「フォトンベルト」の嘘と真

 先ずは基本的宇宙地図と“光”についての物理的特性から確認していこう。まず太陽系はプレアデス星団を中心に公転していない。フォトンベルト神話では、太陽系が2万6000年かけてプレアデス星団を一周しているというが、全くもってそんな観測事実はない。

↑フォトンベルトが発見されたとされるプレアデス星団

 一方、太陽系が銀河系内を一周する時間は2億2600万年である。
 電磁波が粒子の形をとったものが光子であり、英語でフォトンである。フォトンは電磁波であるがゆえに質量は存在しない。質量が存在しないゆえ光速度で移動する。逆に言うと停止できないのである。一定の空間に留まるフォトンはありえない。少なくとも宇宙空間において、巨大な帯状にフォトンが分布することはない。
 フォトンベルトの証拠として掲げられるハッブル宇宙望遠鏡が撮ったというプレアデス星団の写真も、手前に別の星雲が重なって見えるだけで、直交しているわけではない。光っているという意味ではフォトンは発生しているが、あくまでも宇宙のチリやガスが光を発しているのである。
 「光」は広い意味での全ての波長の電磁波を指す。真空中は波動として伝わるが、何らかの物質と相互作用する時はエネルギーを持った粒子として働く。誤解しがちなところなのだが、光子といっても、まるで電子のような“光のつぶ”の粒子が飛んでいるわけではないのだ。どうもフォトンベルト・ストーリーでは、フォトンを高エネルギーの電磁波と位置づけているようだが、これは逆に危ない。紫外線、X線、ガンマ線などの高エネルギーの光をまともに浴びれば被曝である。DNAも細胞も破壊され、生命の危機となる。

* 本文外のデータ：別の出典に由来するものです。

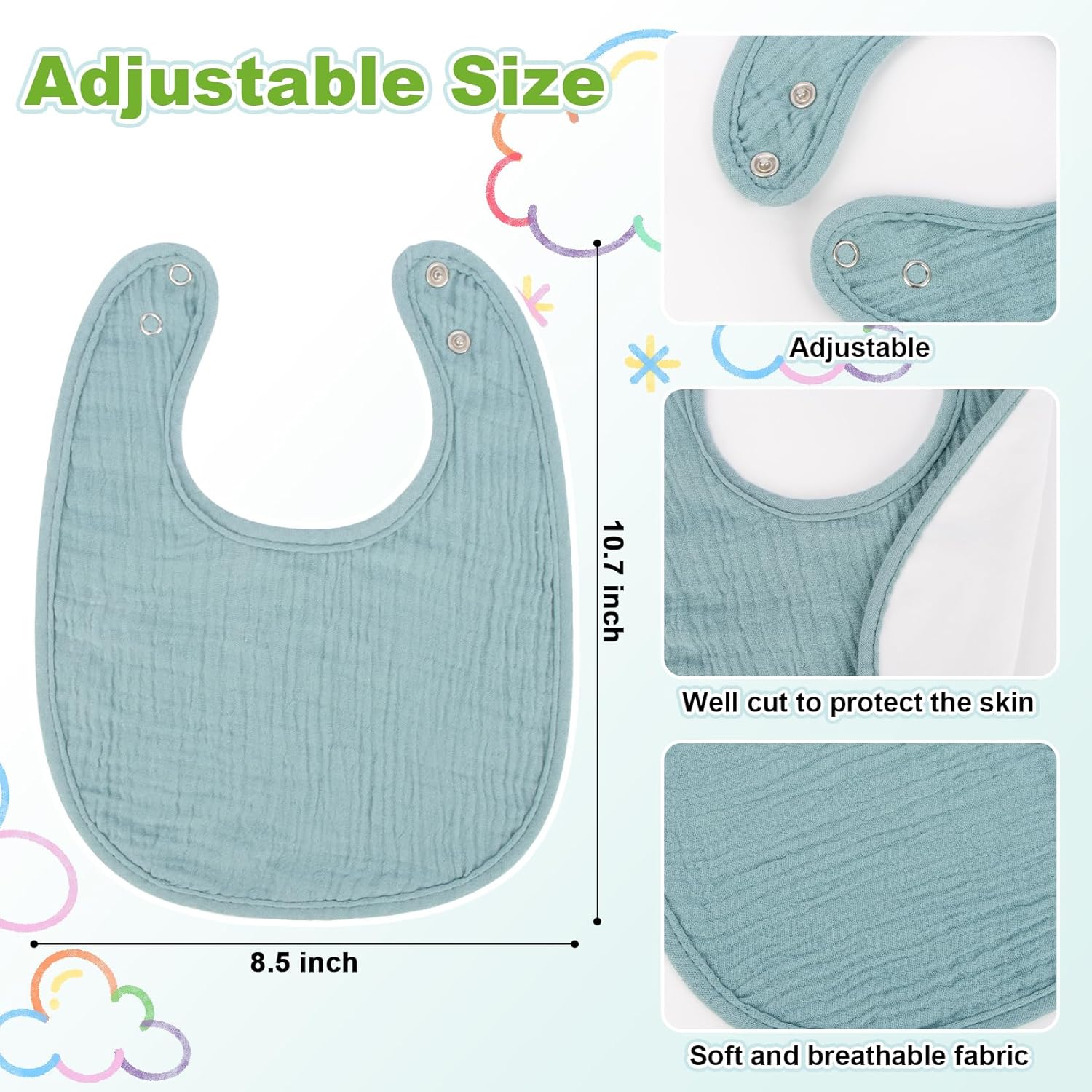 This delicate child bib is multifunctional and can be utilized as a burp material, drool bib, feeding bib, non permanent wipe, or picture prop, making it a flexible support in day by day child care and assembly your child’s wants Unisex Design:

 フォトンベルトは虚構である。かといって確信犯的な情報操作の一貫で出てきたものでもないようだ。この言葉が世に出たのは十数年も前のことだが、オーストラリアのオカルト雑誌に出た、ある大学生が書いたプレアデス星団に関する記事が全く偶然に、あたかも事実のように都市伝説としてその手の読者やニューエイジ層に広まった。それは嘘だった。しかし、嘘から出た真という諺があるように、その続きがあったのだ。
 実は宇宙には、もう一つのフォトンベルトが存在することが分かってきた。質量のないフォトンが構成する高エネルギーの超電磁波帯は存在しないが、質量のある物質がフォトンを発生させる高エネルギー領域が宇宙には存在する。しかもそれはドーナツ状ではなく、いわば編み目状、フィラメント状のプラズマとなって広範囲に宇宙を流れている。いうなればフォトンベルトならぬプラズマベルトが存在する。そしてこれが現在、太陽系の活動を異常せしめている原因らしいのである。
 宇宙空間にはプラズマが流れている。太陽系内はもちろん、その外側にはよりエネルギーの高いプラズマが存在し、かつ巨大なプラズマ・フィラメントが縦横無尽に走っている。
 光を発するものから発しないものまで、宇宙の送電網はあらゆる方向に広がっている。
 実はこれが真のフォトンベルトなのだ。フォトンのベルトは存在しないが、プラズマのベルト、すなわちプラズマフィラメントは存在する。ドーナツ状の構造はないが、縦横に走る編み目のような構造は存在する。太陽系は現在、巨大なプラズマフィラメント―星間雷雲というべきものに遭遇したらしいのだ。